Indeed, and one of the repeated criticisms of Krashen is the idea of
noticing -- people can ignore what they hear if they understand the message, and they don't learn it if they don't notice it.
devilyoudont wrote:I will go a step further and say there is an error in absolute faith that you won't draw incorrect conclusions from the patterns that you see based on biases caused by your lived experience (in the case of this particular skill: this bias would be your native language). Even if it happened that a small child and an adult do learn in exactly the same way, there's still a reality that when someone learns their first language they do not have those biases which may permanently mislead them.
Absolutely. What I'm heartily sick of is Krashen fans brushing that away and saying "that's because they spoke before they were ready". It's an unprovable statement, because you can't know errors in someone's grammar until they speak, which leaves you in a "how long is a piece of string" type situation.

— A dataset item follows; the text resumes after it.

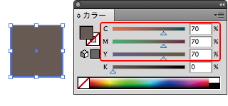 CMYカラーのみで作成せずに、「K」を混ぜて作成してください
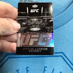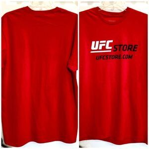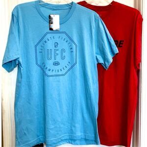 UFC Officially Licensed "Simple Octagon" crewneck, short-sleeved T-shirt in men's size LARGE. The color is light blue. ALSO INCLUDED is a Legends brand red T-shirt with the logo "UFC Store". Two tees for the price of one! The blue tee has the graphic "UFC Ultimate Fighting Championship". Both of these are 100% cotton, so machine wash and tumble dry. The pit-to-pit measurement on both is 22", the length is 29" and the sleeves are 9". Great deal for a UFC fighting fan and they are brand new!

On top of this, though, there seems to be a tendency for brains not to accept a rule/pattern until they're sure about it. Mondria cites his own research in his fifth
myth of vocabulary acquisition to say that learning vocabulary by inference doesn't appear to result in better acquisition, but seems to measurably slow the process of acquisition -- it wasn't the inference in his study that helped, but the practice. Yes, that's vocab, not grammar, but it feels right to me -- I've always struggled to work with rules and patterns when I'm not confident what they mean.

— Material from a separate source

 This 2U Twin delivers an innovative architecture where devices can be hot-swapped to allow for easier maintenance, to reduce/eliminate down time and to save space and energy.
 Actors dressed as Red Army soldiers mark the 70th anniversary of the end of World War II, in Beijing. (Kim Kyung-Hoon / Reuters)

Random Review wrote:I see what you're talking about every day. I want to give a concrete example: subject wh questions.
Italian students (and IIRC Spanish students too*) are prone to misinterpreting these as object "wh" questions with a postposed subject.
This means you can ask Italian students a question like, "What eats rabbits?" and a certain percentage will give you an answer like "grass" or "carrots". Yes, this percentage does get smaller as students progress, but it is genuinely hard for many of them NOT to parse it this way and I have seen it persist in intermediate students. It takes a lot of work from both student and teacher to change that.

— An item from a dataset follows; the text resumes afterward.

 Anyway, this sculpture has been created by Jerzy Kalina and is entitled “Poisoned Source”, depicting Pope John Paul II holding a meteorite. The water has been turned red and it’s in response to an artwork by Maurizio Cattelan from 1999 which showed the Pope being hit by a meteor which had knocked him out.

Personally (I'm not particularly dogmatic about it and not trying to convince anyone), I've come reluctantly to the conclusion that the Krashenites (and many others who aren't Krashenites to be fair!) are probably right that acquisition is mainly driven by input, but *what* input?
Why have you come to that conclusion?
Cos it's all well and good recognising that what you are doing isn't working, but you can't say that what you
aren't doing
would work.
I think what is key is a far more woolly thing of "engagement" with the language.
Communicative language teaching fails not because the core principle is wrong (that communicating using the language gives an opportunity for rehearsal and refining one's "theory" of the target language) but that it makes no sense in a classroom setting, because the people you are communicating with don't actually have the language model you're trying to acquire anyway -- so when L1 interference hits, it reinforces itself in the community language. This is the big problem in classroom-based language teaching -- free practice can be impractical and even counter-productive in a class with a shared L1. This is where I think Krashen gets it most wrong: it's not about speaking "too early", it's about speaking to people who themselves are "too early". But with controlled practice, this is less of an issue... assuming corrective feedback from a proficient teacher.
I Personally think (and here I am trying to convince) that these students could get hours and hours of input chosen for interesting content and never come across enough input that disconfirms this; whereas teachers or self-learners guided by explicit knowledge can and do craft targeted input to help them acquire a grammar that more closely approximates the various native ones.
You're certainly right that truly "natural" methods are less useful than planned exposure -- it seems that it's not about getting "enough" input as much as it is about getting
dense enough input: if you don't see enough examples of a pattern in reasonable quick succession, you won't ever notice the pattern.
But we
can force people to attend to the pattern by more explicit teaching and controlled practice -- output can be immediately identified as wrong.